276 lines (168 loc) · 15.9 KB

mySociety standard data repository

This is a common template for running mySociety data science repositories.

It is optimized to run in Github Codespaces, but will also work locally, either using VS code's devcontainer extension, or just using docker-compose up to get into docker container.

To start a new project, create a repo from this template: https://github.com/mysociety/python-data-template/generate. This will bootstrap a cookiecutter version of the template, and turn on GitHub Pages.

Installing and running a project

The standard data repository is easiest to set up in Codespaces - where opening a new codespace should initalise the repo correctly using stored docker images. This also makes it easier to setup with common secrets.

All the config required for that also means it works well locally using VS Code and the remote containers extention using docker. On opening the project in VS Code, it should prompt to re-open the folder inside the dev container.

To run a single script from outside the container, docker compose run [x] should work well.

The project (in most cases) can be run without docker at all. If python 3.10 is installed locally, you can install poetry and provision that way:

pip install poetry
script/setup
python -m poetry install
python -m poetry shell
# now in virtual environment

This approach will not (without more manual work) produce the mySociety branded charts well, as that is dependent a selenium setup in the dockerfile. It can handle the dataset tool though.

Setting up automated testing/building of github pages

The .github/workflow-templates folder can either be renamed workflows or used as the building blocks for new workflows.

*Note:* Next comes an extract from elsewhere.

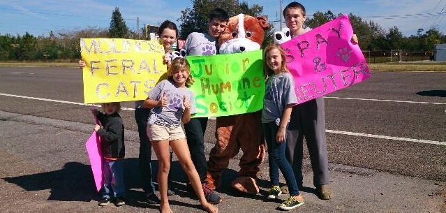 Members of the Junior Humane Society were out in Molino Saturday raising funds to spay and neuter a feral cat colony that lives behind the Dollar General in Molino.

This currently contains two templates.

  • test.yml - Use GitHub Actions to enforce automated tests on the project.
  • build.yml - Build datasets and create a Github Pages page.

Structure of this repo

  • .devcontainer - The setup instructions for VS Code and Codespaces to work with the relevant Dockerfile. Includes expected exemptions.
  • .vscode - Default code processing settings for VS Code.
  • data - data storage. Has some subfolders to help with common sorting. Files put in data\private will not be committed.
  • docs - Jekyll directory that maps to the GitHub pages site for this repo.
  • notebooks - store any Jupyter notebooks here.
  • script - script-torulethem`all directory.
  • src/data_common - submodule for the data_common repo that contains common tools and helper libraries.
  • src/[repo_name] - where you should put specific python scripts for this repository.
  • tests - directory for pytest tests.
  • Dockerfile - The Dockerfile for this repo. Is locked to the data_common image at the latest commit when the repo was upgraded. This can be updated if you make changes that require a new docker setup.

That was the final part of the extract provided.